I also had this problem: ie., csv files (comma delimited, double quote delimited strings) with LF in quoted strings. These were downloaded Square files. I did a data import but instead of importing as text files, imported as "from HTML". This time it ignored the LF's in the quoted strings.


2
2003G35

This worked on Mac, using csv and opening the file in Excel.

Using python to write the csv file.

data= '"first line of cell a1\r 2nd line in cell a1\r 3rd line in cell a1","cell b1","1st line in cell c1\r 2nd line in cell c1"\n"first line in cell a2"\n'

file.write(data)


a
adax2000

In my case opening CSV in notepad++ and adding SEP="," as the first line allows me open CSV with line breaks and utf-8 in Excel without issues


I
Ionut

Replace the separator with TAB(\t) instead of comma(,). Then open the file in your editor (Notepad etc.), copy the content from there, then paste it in the Excel file.


Try this on large files :)
D
David Avikasis

Line breaks inside double quotes are perfectly fine according to CSV standard. The parsing of line breaks in Excel depends on the OS setting of list separator:

Windows: you need to set the list seperator to comma (Region and language » Formats » Advanced) Source: https://superuser.com/questions/238944/how-to-force-excel-to-open-csv-files-with-data-arranged-in-columns#answer-633302 Mac: Need to change the region to US (then to manually change back other settings to your preference) Source: https://answers.microsoft.com/en-us/mac/forum/macoffice2016-macexcel/line-separator-comma-semicolon-in-excel-2016-for/7db1b1a0-0300-44ba-ab9b-35d1c40159c6 (see NewmanLee's answer)

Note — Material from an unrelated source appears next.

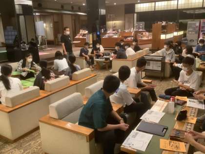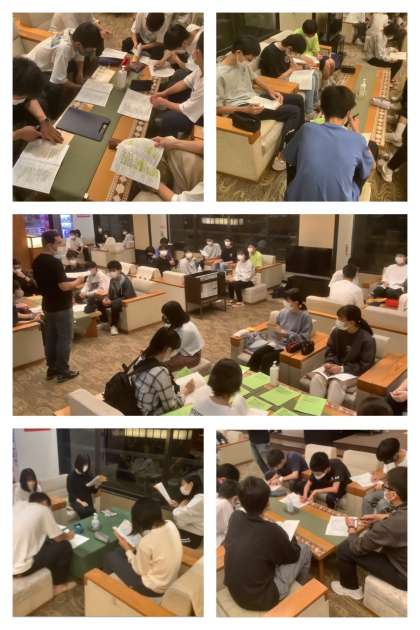 室長会議で、約30人の室長が1日目の振り返りと明日のスケジュールの確認をしました。さすがに室長。学年主任の先生の話を真剣に聴き、メモを取っていました。この後、部屋に戻って、班のメンバーに伝達し、明日の活動に備えます。室長の皆さん、よろしくお願いします。

Don't forget to close Excel completely before trying again.

I've succesfully replicated the issue and was able to fix it using the above in both Max and Windows.


I don't think this works. I exported a CSV with line breaks in cells from Excel itself. Since locale didn't change, Excel should have been able to load it correctly. But it can't. It still messes with the line breaks in cells.